Mortonity Report.

I admire, above all else, the subtlety that an actress can bring to a role. Besides this subtlety, consistency is also crucial to an actress’ career and performance. Samantha Morton is a particularly fascinating actress and one who has consistently used her subtlety to its most effective. Morton is a British actress but has worked with a variety of people, from gritty British directors such as Lynne Ramsay to Hollywood master Steven Spielberg. Her portfolio of work reflects her versatility and ability to apply herself to a variety of different genres, styles and stories. Here I will take a closer look at five of her greatest performances and think about how Samantha Morton portrays herself as an actress and a character. Perhaps it’s best to start with her most globally successful role in Spielberg’s Minority Report. Her portrayal of Agatha, the pre-cog used by a futuristic crime prevention programme to predict murders and crimes, is haunting and wonderfully minimalistic. Her character develops gradually and becomes more rounded and fascinating as each minute ticks by. Morton’s physical transformation is dazzling and yet it never seemed to receive as much attention as actresses such as Sigourney Weaver or Natalie Portman, who also shaved their heads for specific roles. Morton demonstrated her personal ability to translate to an American audience through Spielberg’s cyber-punk epic.

A film that balances an American aesthetic with the struggles often faced in the films of British directors, such as Ken Loach, is In America. Jim Sheridan beautifully combines fantasy and childhood imagination with gritty realism.
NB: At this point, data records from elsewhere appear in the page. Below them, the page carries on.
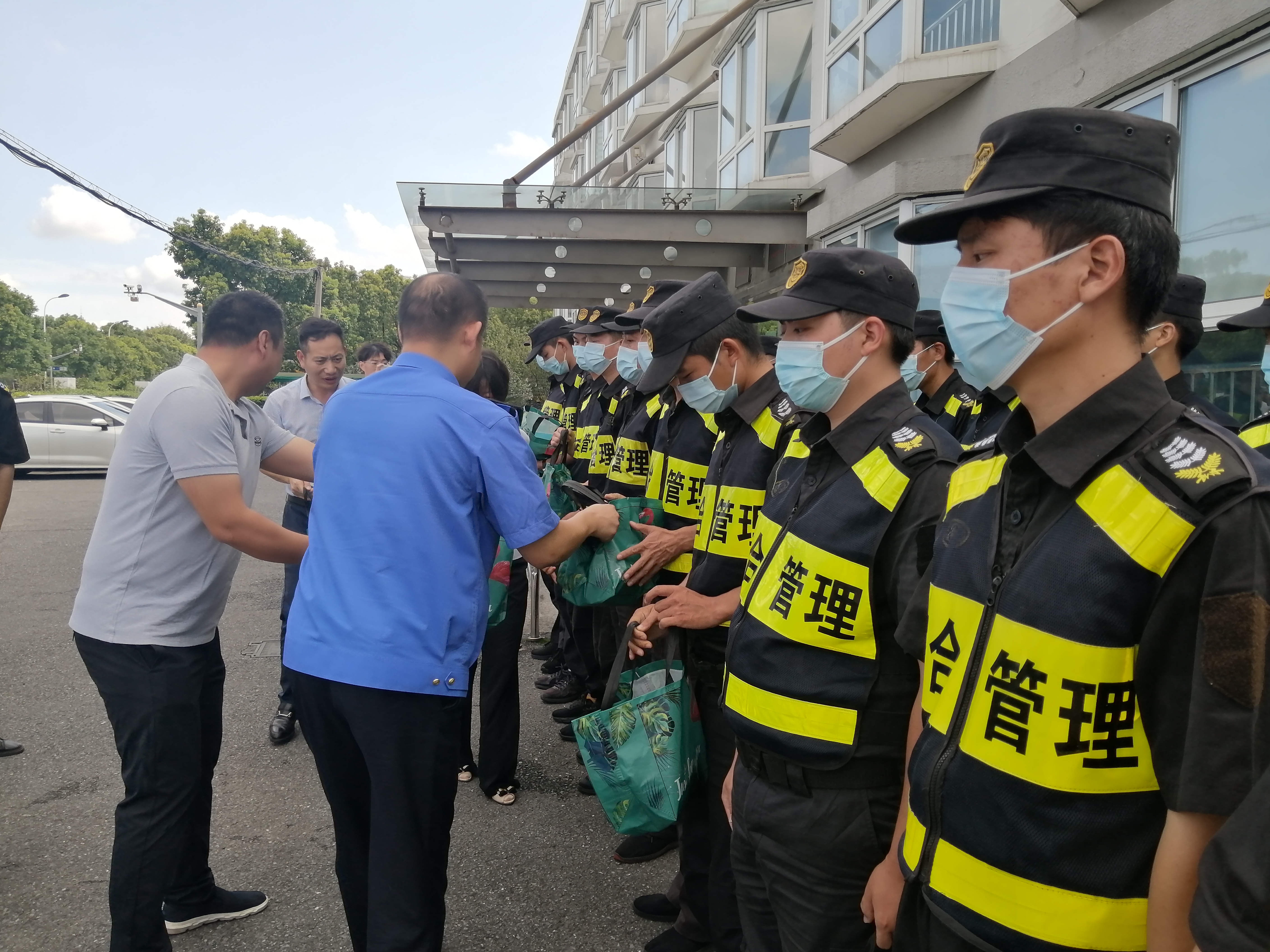 王哲副隊長(cháng)給隊員們送上了飲料等防暑降溫用品,感謝大家為輔助城市管理和維護城區秩序所作的貢獻,叮囑隊員們要落實(shí)好疫情防控措施,確保防護安全。同時(shí),提醒大家高溫天氣下,一定要做好防暑降溫工作,注意勞逸結合,確保身體健康。
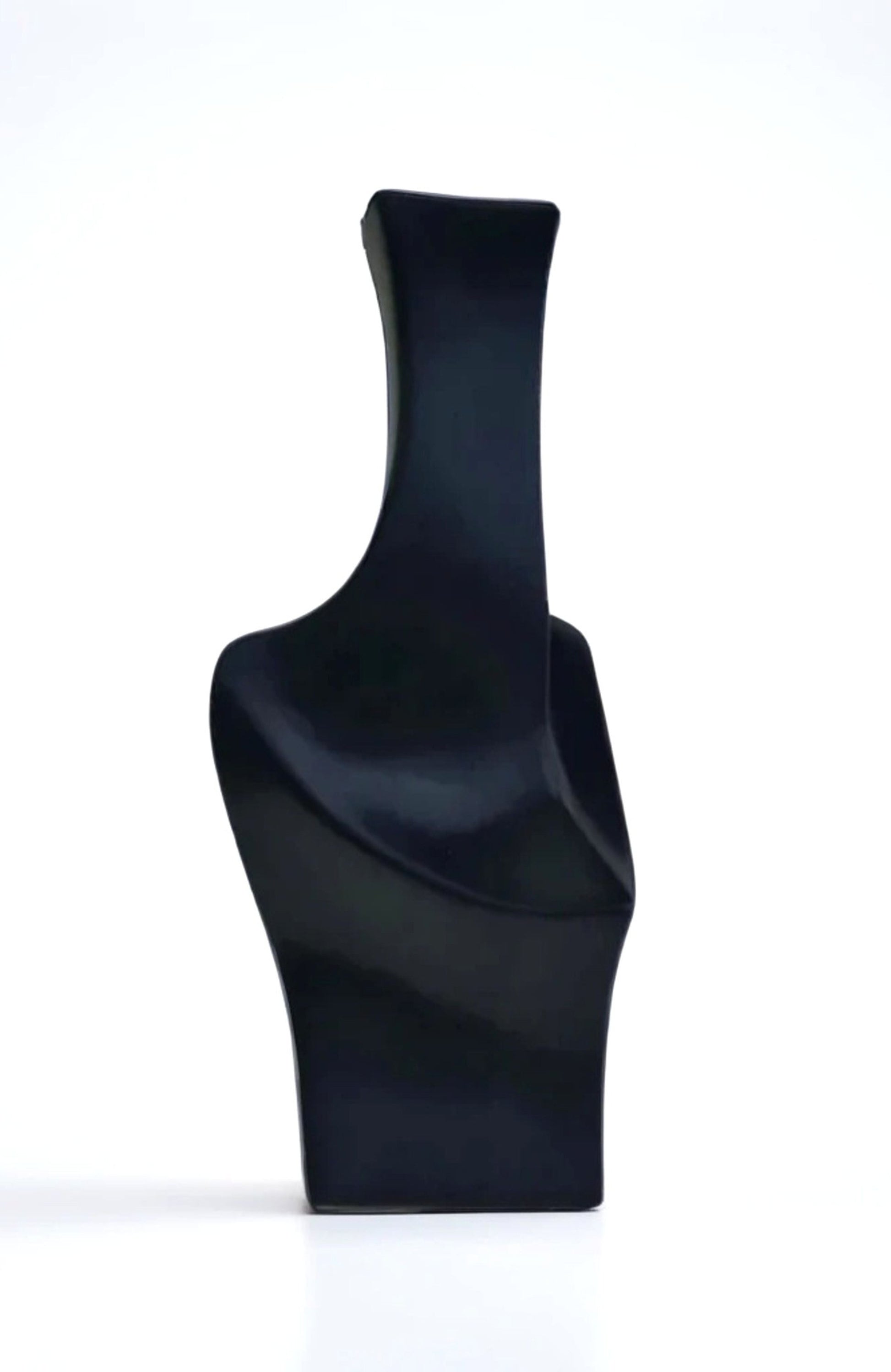 Geo-Vibe Black Ceramic Vase – A bold, sculptural piece that elevates contemporary décor, featuring a striking geometric silhouette with fluid lines that play with light and shadow. The deep matte black finish adds sophistication, making it a perfect statement for modern spaces. Style it solo or pair it with other pieces from the Geo-Vibe set for a striking, cohesive display Product Details Dimensions: 7” L x 6.5” W x 13” H Material: Ceramic Finish: Matte black Watertight: No Care: Clean gently with soft, dry cloth; use damp if needed (water only) Origin: Ethically and sustainably handcrafted in Portugal
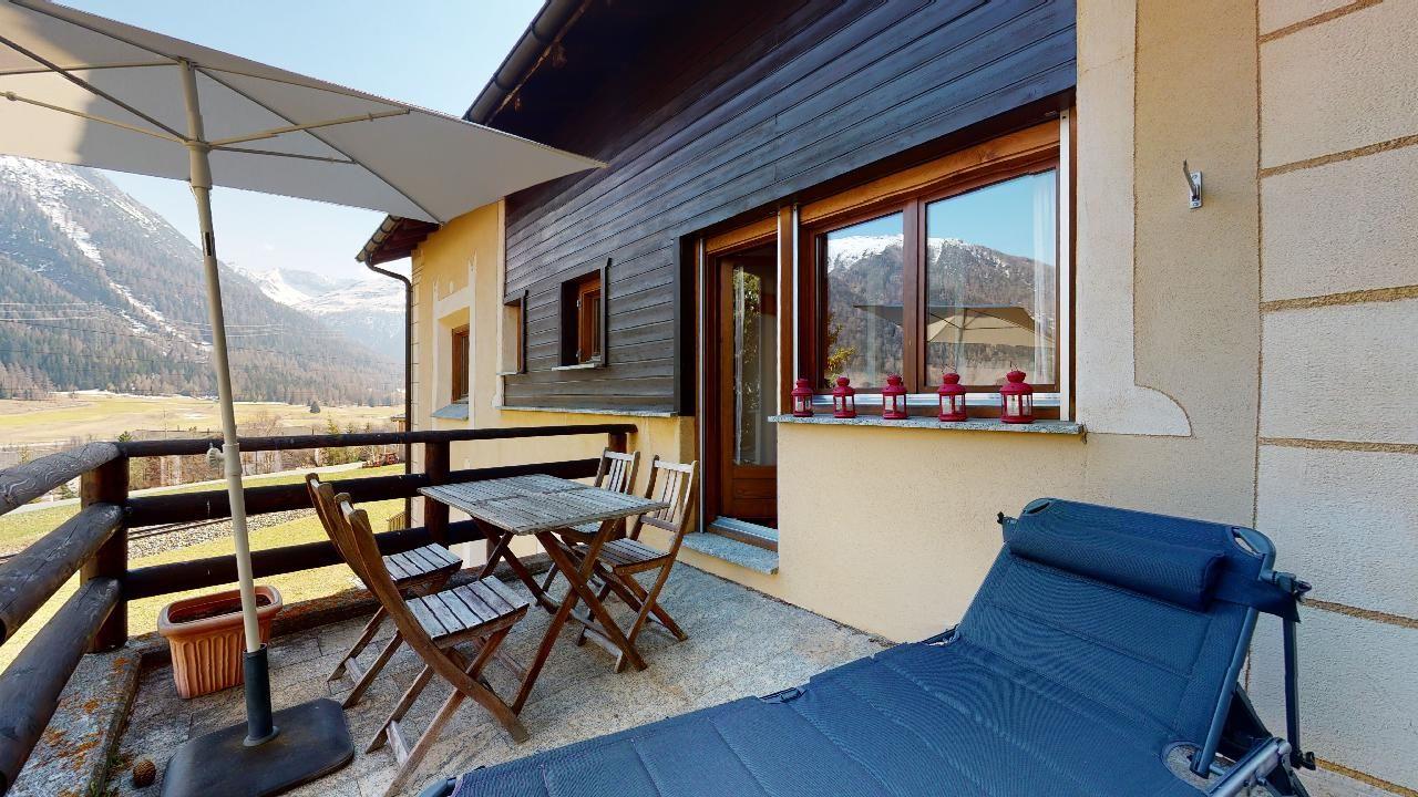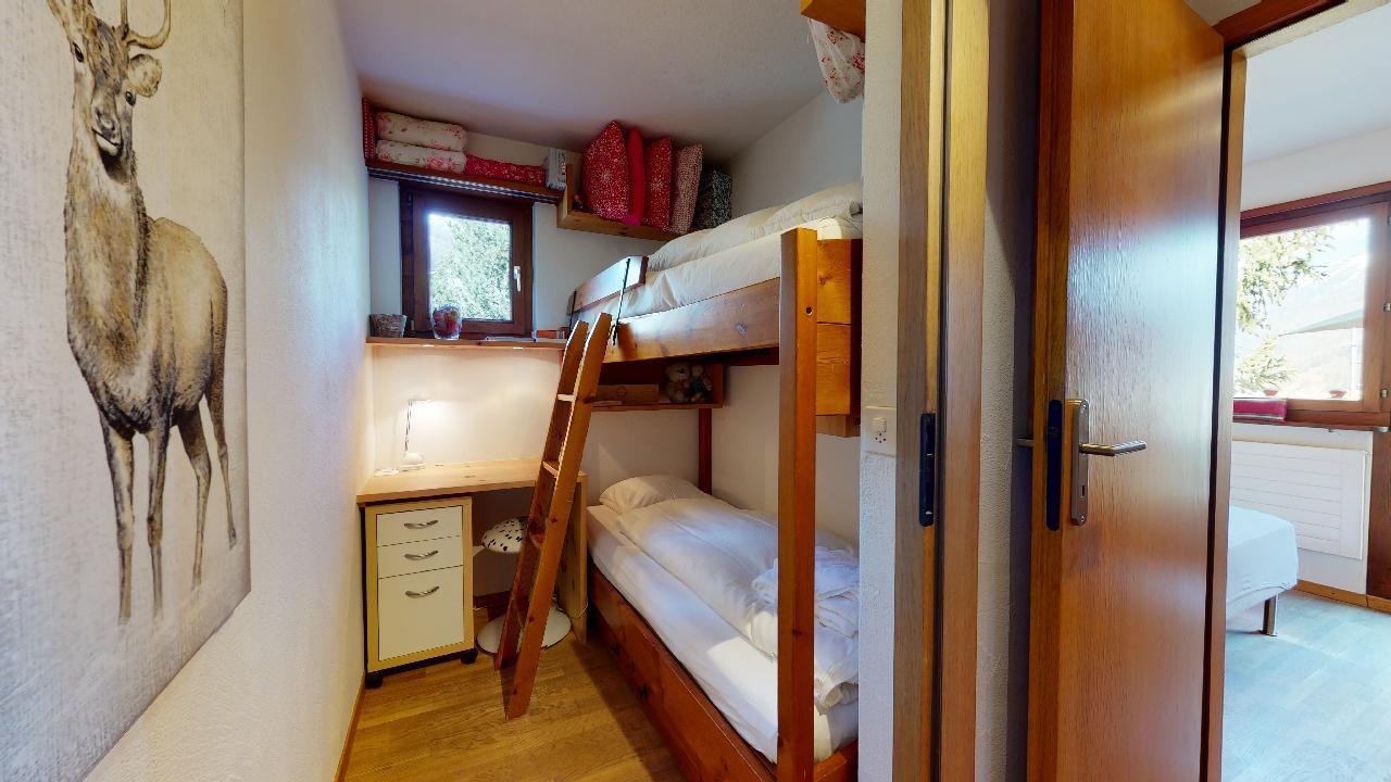 Die gepflegte Wohnung verfügt über ein Schlafzimmer mit einem Doppelbett und ein kleines Schlafzimmer mit Etagenbett. Somit eignet sich die Wohnung sowohl für Paare als auch für eine Familie mit Kleinkindern. Vom Elternschlafzimmer gibt es einen Zugang zur Terrasse (Gartenmöbel sowie Sonnenschirm vorhanden). Ein Badezimmer mit Dusche steht zur Verfügung und ebenso eine komplett ausgestattete Küche mit Kombi Steamer. Das Wohnzimmer lädt zum Verweilen ein und verfügt über ein Sofa mit TV, einem Esstisch und ein Cheminèe. WLAN-Internet und Swisscom-TV stehen zur Verfügung. Ein Garagenplatz kann kostenpflichtig hinzugebucht werden und befindet sich in unmittelbarer Nähe.

Morton gives a raw and admirably ugly performance and is complimented perfectly by Paddy Considine. The two actors create a heartbreaking vision of a marriage that is being torn apart by a past tragedy. Morton gives a performance that centralises around maternity and resentment. She is a mother trying to deal with a huge loss and, as the cracks start to show, Morton propels herself brilliantly. Yet again, Samantha Morton plays her part in a collapsing relationship in Enduring Love. Her role here is complex and she manages to project a realistic image of a woman gradually crumbling under her partner’s possible paranoia. Morton is, once again, complimentary to her male co-star. Daniel Craig and Morton are electrifying to watch together and through their personal conflicts and turmoil we grow to care for them as individuals and as a couple.

Up until now, we have focussed upon Morton as a strong and feisty character. Yet, I personally think that Samantha Morton was at her best in Control. Playing the overly dependent and largely overlooked partner of Joy Division’s front man, Ian Curtis, Morton transformed into a completely new character. The character’s lack of self esteem was echoed in her soft delivery of dialogue and her addiction to Curtis (played by Sam Riley) is frustrating and fascinating to watch. Morton added an empathy to this film through a character consumed with love and longing. Samantha Morton is an exquisite actress. Her personal interpretations of these vast range of characters are more often than not the highlights of the films themselves. Due to my faith in Morton to consistently deliver, I am now determined to make time to watch Lynne Ramsay’s Morvern Callar.

Thanks for reading and let’s all keep supporting our beloved film industry.